My papers are published as arXiv e-prints, and this fact is conditioned by pioneer character of my papers. The
peer review journals rejected to publish such papers. The journal rejected to publish papers in two cases
(1) when the manuscript is of low quality and (2) when there are no reviewers, whose qualification is sufficient for a
correct estimation of the manuscript. Everybody knows the first point, whereas the situation, connected with the second
point, is known only to those authors, who write pioneer papers. Thus, although my papers are published as e-prints, this
fact, does not mean, that these papers are pithless.
The first referee:
English is quite poor, but this fact does not affect the comprehension of the work.
The style of lines 36-53 page 1 is not appropriate for a scientific discussion. References should be added, and sentences
The use of the verb 'demonstrate' line 33 page 2 is not correct.
The terms 'orthodox' and 'orthodoxy', lines 31 and 33 page 13, are not appropriate for Physics.
The use of the article 'the' should be reconsidered, in particular with respect to technical sentences, i.e. line 40 page
11 'geometry of the index 1'.
The use of punctuation is in conflict with English rules throughout the paper. In particular, sentences like 'we did not
know, how one can...' (line 41 page 1) should be amended throughout the paper.
I agree with remarks of the referee, concerning my English spelling.
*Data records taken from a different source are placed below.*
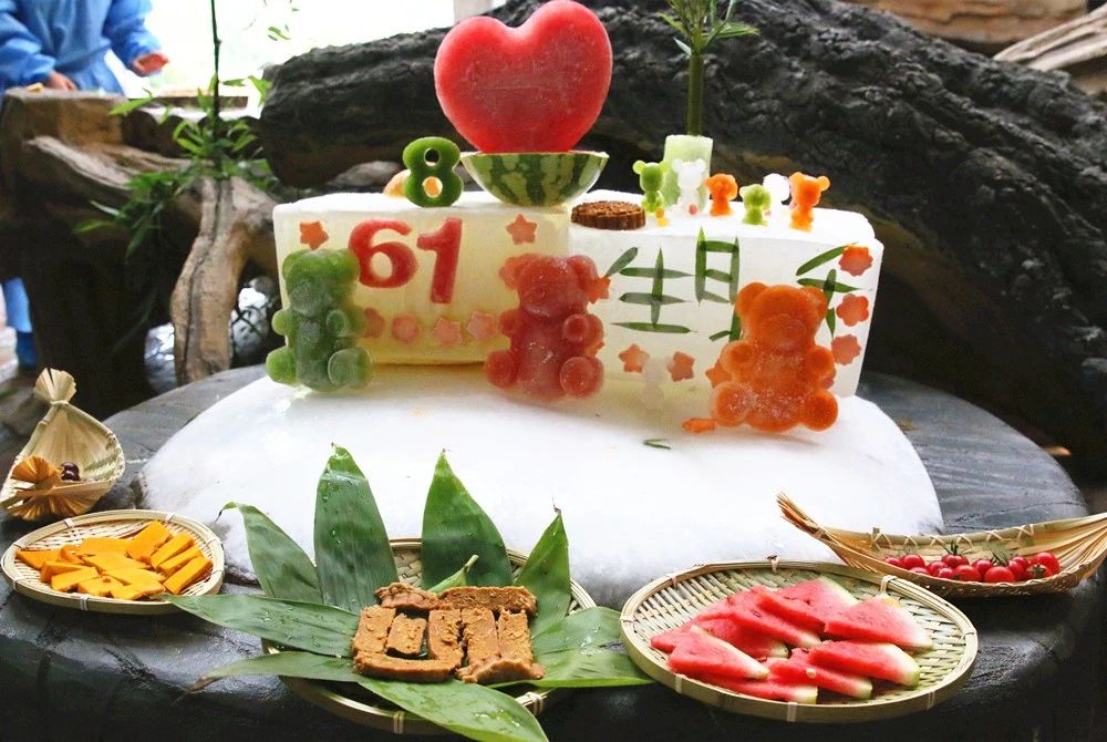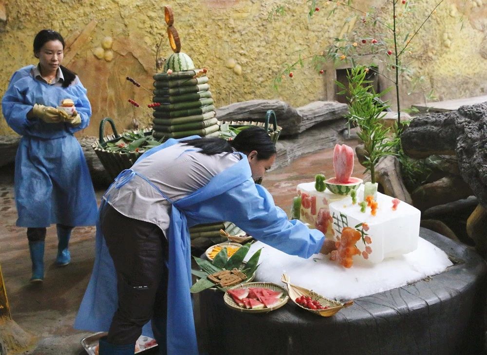 一早,饲养员忙碌布置庆生现场
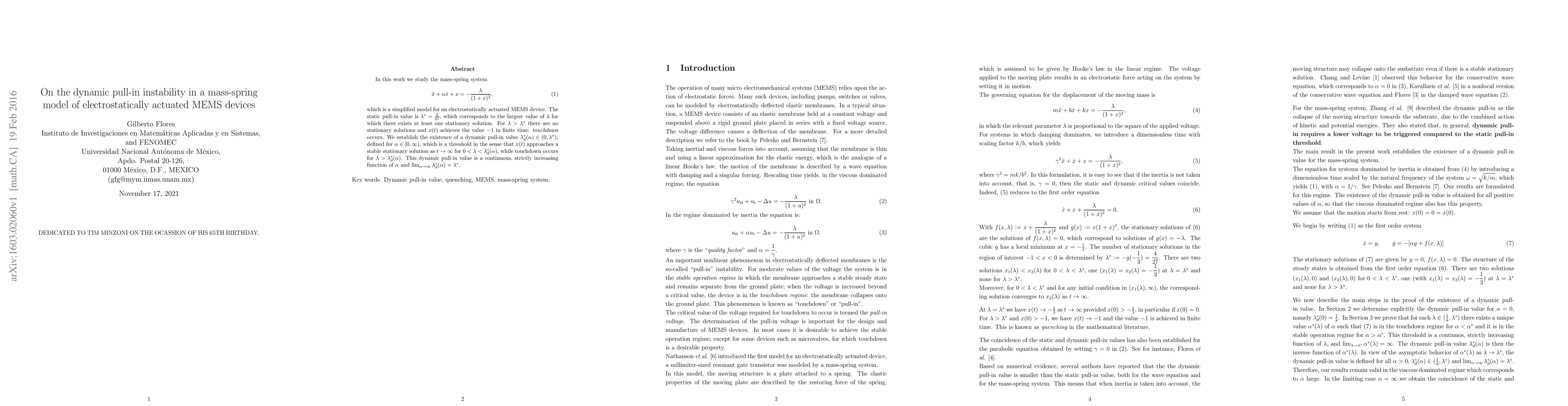 In this work we study the mass-spring system \begin{equation} \ddot x + \alpha \dot x + x = - \frac{\lambda} {(1+x)^{2}}, \label{e:inertia} \end{equation} which is a simplified model for an electrostatically actuated MEMS device. The static pull-in value is $\lambda^{*}=\frac{4}{27}$, which corresponds to the largest value of $\lambda$ for which there exists at least one stationary solution. For $\lambda > \lambda^{*}$ there are no stationary solutions and $x(t)$ achieves the value $-1$ in finite time: {\it touchdown} occurs. We establish the existence of a dynamic pull-in value $\lambda_{d}^{*}(\alpha) \in (0, \lambda^{*})$, defined for $\alpha \in [0,\infty)$, which is a threshold in the sense that $x(t)$ approaches a stable stationary solution as $t \to \infty$ for $0 < \lambda < \lambda_{d}^{*}(\alpha)$, while touchdown occurs for $\lambda > \lambda_{d}^{*}(\alpha)$. This dynamic pull-in value is a continuous, strictly increasing function of $\alpha$ and $\lim_{\alpha\to\infty} \lambda_{d}^{*}(\alpha)= \lambda^{*}$.
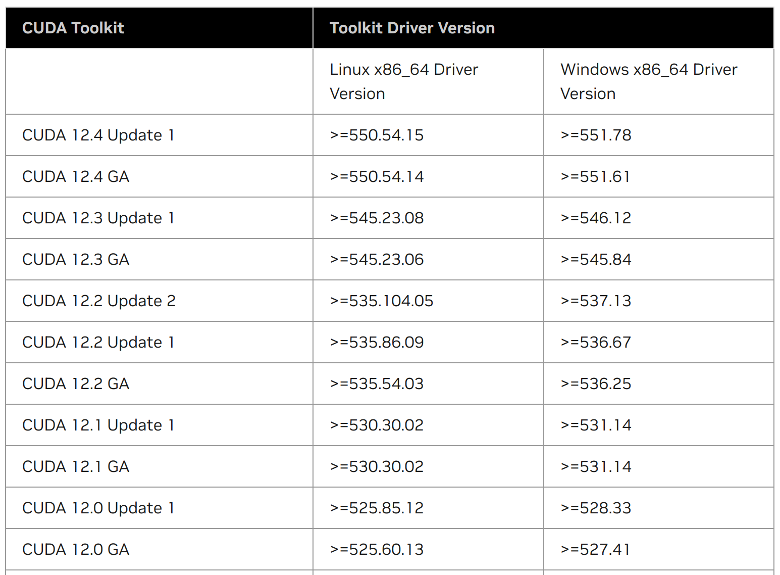 https://docs.nvidia.com/cuda/cuda-toolkit-release-notes/index.html 에서 CUDA 버전 호환성을 위해 필요한 최소 드라이버 버전은 다음과 같습니다.

I think, that all orthographic mistakes can be
corrected, if the paper will be accepted for publication.
The first referee:
I do not recommend publication of the paper in its present form. The author(s) should follow points 1-6 and
update and enlarge the reference list to explain, at least at ground level, how this work can
be conceived within the framework of modern Theoretical Physics, and to what extent the work can
add new perspectives. After that, the paper can be reconsidered for publication.
I shall not try to follow the points 1-6, because it is not possible in the framework of one paper. Besides, I should
like to describe arrangement and structure of elementary particles. It is impossible in the framework of the contemporary
elementary particle theory. The fact is that, the contemporary elementary particle theory is a theory which systematizes
the phenomenological properties of the elementary particles. Although it predicts sometimes new elementary particles,
but it cannot describe their structure. In the same way the periodical system of chemical elements systematizes
chemical elements and predicted new chemical elements, but contribution of the periodic system into our knowledge
on the structure of atoms is equal to zero.
The second referee:
According to the title this is a work on the ``generalization of relativistic particle dynamics to the case of a
non-Riemannian space-time geometry''. While the study of the dynamics of matter in geometries which go beyond the concept
of a Riemannian spacetime, usually encountered in non-standard theories of gravitation, is certainly a topic in
contemporary gravitational physics, it is not clear how the present work is linked to this field of research.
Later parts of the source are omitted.